The simplest ascent of Raduha follows waymarked paths from the Planina Loka. You can drive quite high up along well-maintained forest roads, almost as far as the mountain hut on Loka, so instead of walking up through the beech forests, you can enjoy starting the trip through sparse conifer forest and over high-altitude meadows. The trip can be extended by descending to Planina Arta and returning by a little-frequented path through dark spruce forest to Planina Loka.
At a glance
- In places a sparsely waymarked route, but not too steep.
- The circular route across the southern slopes of Raduha begins from the mountain hut on Loka, which is reached by a forest road.
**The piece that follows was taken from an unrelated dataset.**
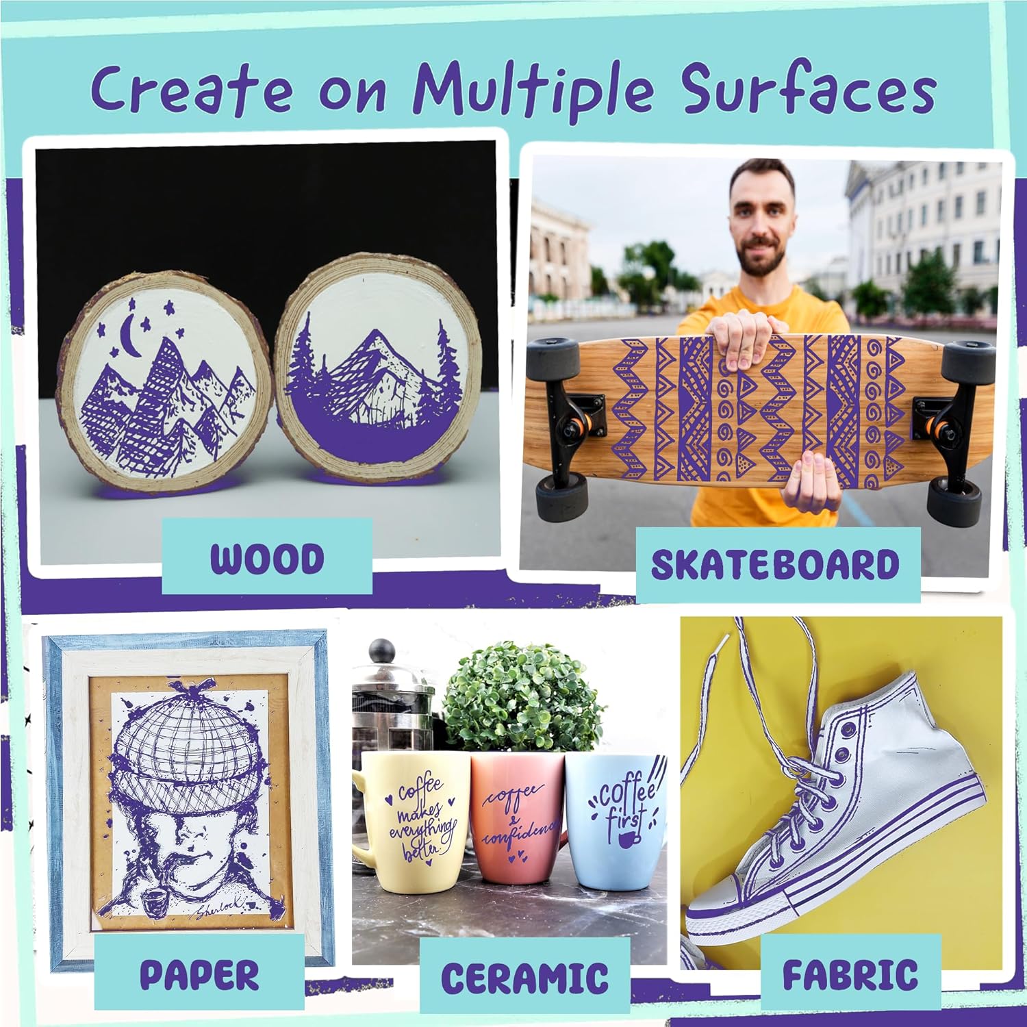 - Multiple Use Acrylic Markers - Get creative with DIY crafts using these paint marker for canvas, fabric paint pen, metal, porcelain, plastic, stones, polymer clay, wood, as acrylic paint pens for rocks painting, paint marker for metal

- Mountain hut on planina Loka– summit of Raduha: 1 hour, 30 minutes
Summit of Raduha – planina Arta: 1 hour
planina Arta – mountain hut on Loka: 30 minutes
Total: 3.5 – 4 hours
- 2062 m
- Height difference
- 630 m
- The route mostly runs along open, sunny slopes, so don't visit Raduha in the worst summer heat. The trip will be most beautiful in late spring (May, June), when you can enjoy the abundance of meadow flowers.
- Recommended equipment
- The path is occasionally steep (trekking sticks will be useful, especially during the descent) and pretty rocky in the upper part. Although you'll meet brave »mountaineers« along the way with an unusual choice of footwear, I'd recommend mountain boots in any case.
- Kamniške in Savinjske Alpe, mountaineering map 1:50.000
This ascent of Raduha (or if we're more precise, of Velika Raduha, since to the east is Mala Raduha, 30 metres lower) starts below planina Loka, where a mountain hut is situated. A forest road from Struga, a hamlet in the Upper Savinja Valley, will bring you to the alp.
You reach Struga most easily along the road leading from the Šentrupert exit on the Ljubljana – Maribor motorway towards the Logarska dolina valley. Those who come from western Slovenia and prefer to drive along narrow, but more picturesque roads can opt to travel via Gornji Grad (or along the still more adventurous macadam road over Kranjski Rak). In either case, some kilometres before reaching the village of Luče, you'll notice a signpost in Struga pointing towards Snežna jama (Snow Cave) under Raduha. Follow the signpost along a narrow asphalt road, which at first runs by the Dupljenik stream and then forks after the first uphill climb.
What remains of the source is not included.